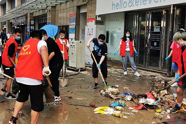 bat365官网青年志愿者清理一楼店铺被水浸泡过的物品
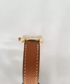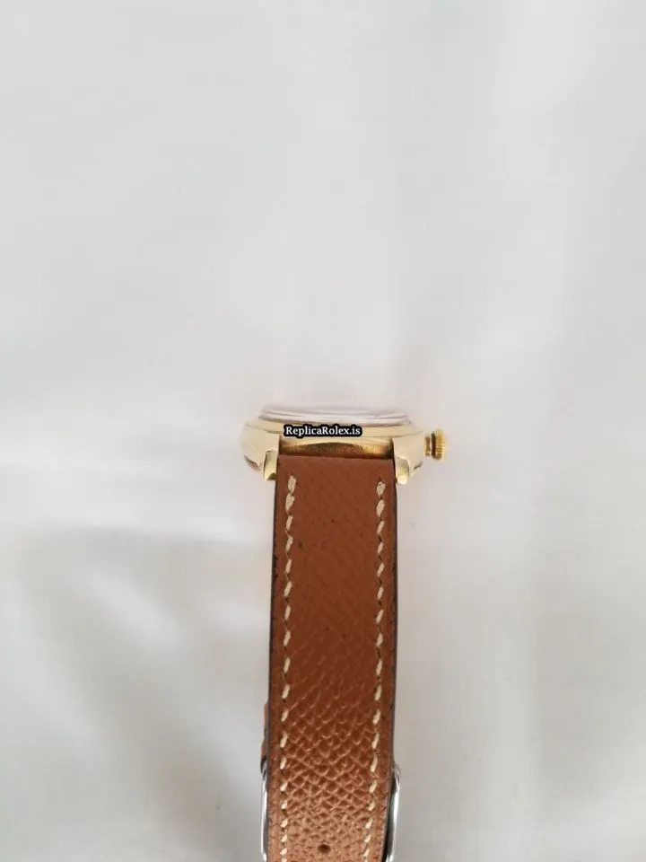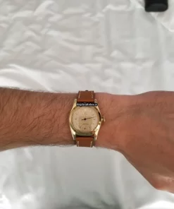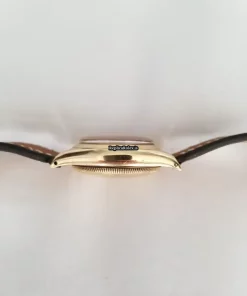Tags: 17 jewels, 3131, 32x38mm case diameter, arabic numerals, automatic movement, brown bracelet color, buckle clasp, caliber 630, leather bracelet material, mens watches, plexiglass crystal, silver dial, steel clasp material, unisex watches, yellow gold bezel material, yellow gold case material
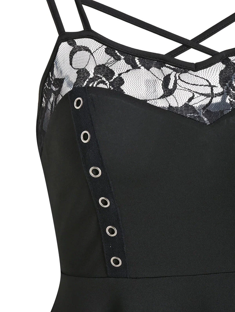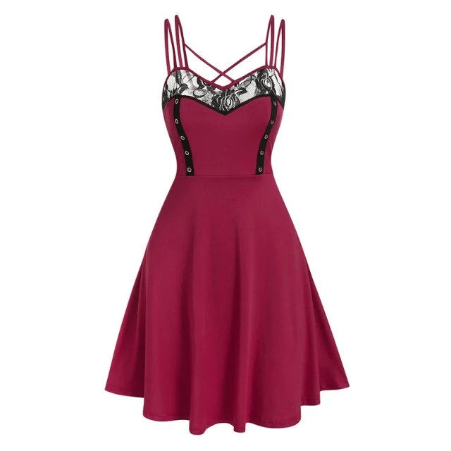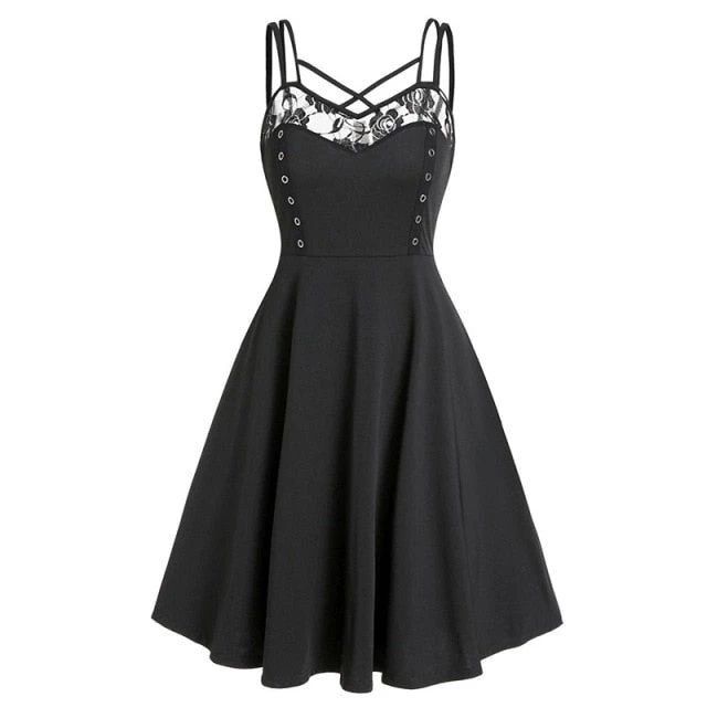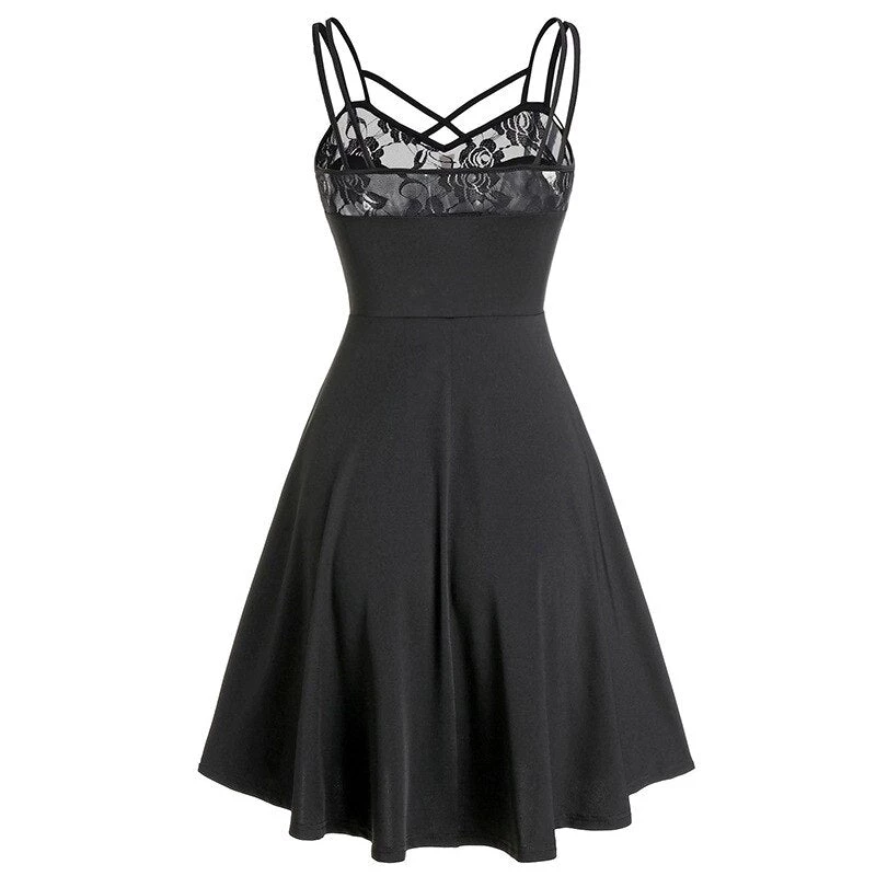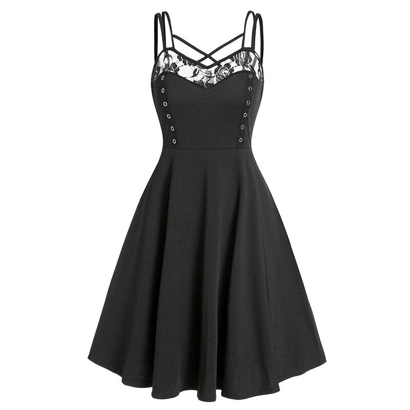 An a-line dress, suitable for any occasion – wear it to a wedding or a funeral, or even on a night out to the goth club! Combine it with some hardcore boots from our collection!
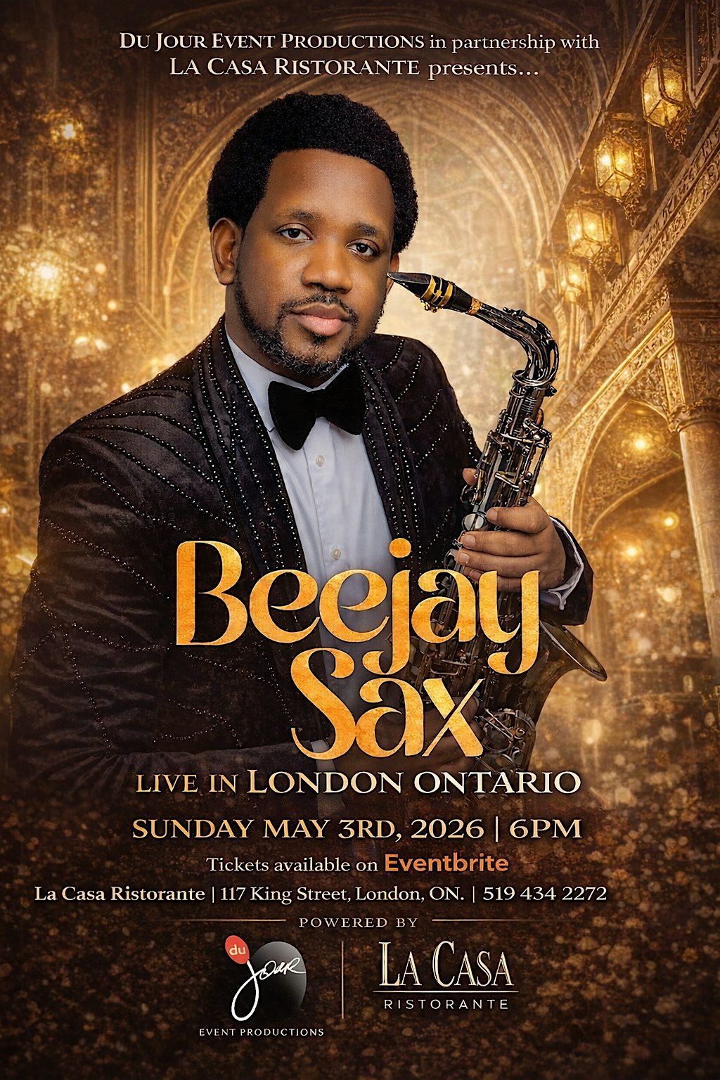 On Sunday, May 3rd, internationally acclaimed saxophonist Beejay Sax takes the stage for an exclusive, intimate performance in London, Ontario.
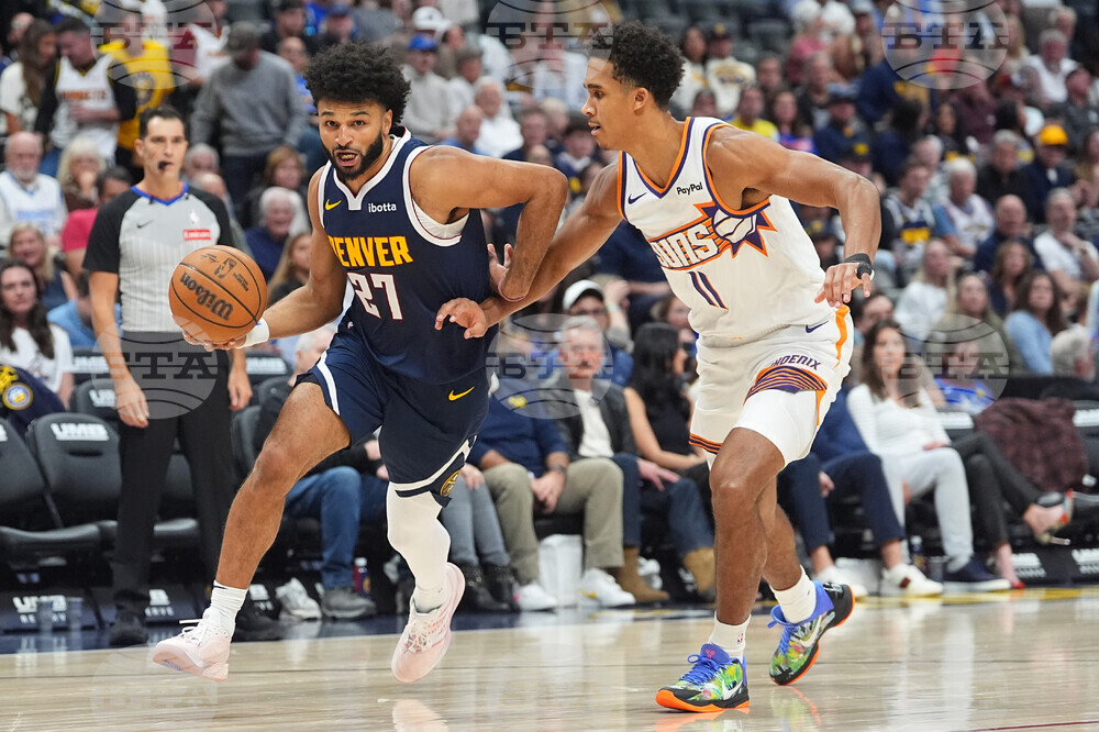 Denver Nuggets guard Jamal Murray, left, drives past Phoenix Suns forward Oso Ighodaro in the second half of an NBA basketball game Saturday, Oct. 25, 2025, in Denver. (AP Photo/David Zalubowski)

## [Task instructions]
Without any pictures, print the whole listing again exactly as it stands.

## [Exercise result]
 bat365官网青年志愿者清理一楼店铺被水浸泡过的物品
Tags: 17 jewels, 3131, 32x38mm case diameter, arabic numerals, automatic movement, brown bracelet color, buckle clasp, caliber 630, leather bracelet material, mens watches, plexiglass crystal, silver dial, steel clasp material, unisex watches, yellow gold bezel material, yellow gold case material
 An a-line dress, suitable for any occasion – wear it to a wedding or a funeral, or even on a night out to the goth club! Combine it with some hardcore boots from our collection!
 On Sunday, May 3rd, internationally acclaimed saxophonist Beejay Sax takes the stage for an exclusive, intimate performance in London, Ontario.
 Denver Nuggets guard Jamal Murray, left, drives past Phoenix Suns forward Oso Ighodaro in the second half of an NBA basketball game Saturday, Oct. 25, 2025, in Denver. (AP Photo/David Zalubowski)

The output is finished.